Llywydd, I see the question swerved to something completely different at the end of it. No international law has been broken. No law of any sort has been broken, because there is no proposal of any sort that would lead to that eventuality. When I criticise the UK Government for its deliberate intention to breach international law, I'm not just doing that by myself. I commend the Member to read Theresa May's speech in the House of Commons yesterday, a speech in which she said that the UK Government are putting the integrity of the United Kingdom at risk—a speech in which she said that this is a Conservative Government willing to go back on its word, to break an international agreement signed in good faith and to break international law. That's not me—that's the previous Conservative Prime Minister of this country, supported by the two previous Conservative Prime Ministers in their turn. This is not some idiosyncratic view of the Welsh Government; it's a view widely shared in the party that has proposed it.

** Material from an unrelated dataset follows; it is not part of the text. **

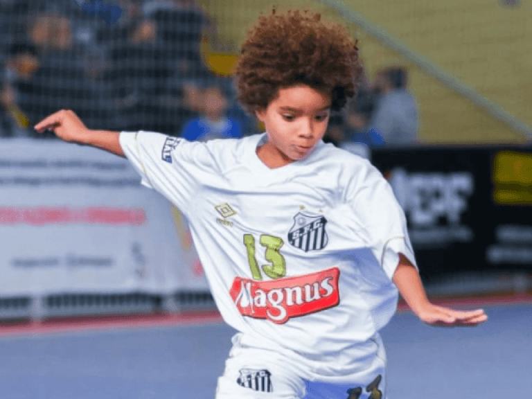 He also plays for Santos FC, as Pele did during the biggest amount of time of his career. Nowadays, he represents the indoor soccer U-9 team from the Brazilian side. He wears the jersey no. 10, prof that he has talent, and is also the captain of the team at his very short age.

As to the shielding population, I note again what he says about Sweden. In Sweden, 10 times more people have died than in Norway, its immediate neighbour. Imagine—imagine the situation here: imagine what the Member would be saying to me if Wales had pursued a policy that led to 10 times the number of citizens in Wales dying compared to the number across our border. Would he be standing up here advocating it then? Of course he wouldn't be.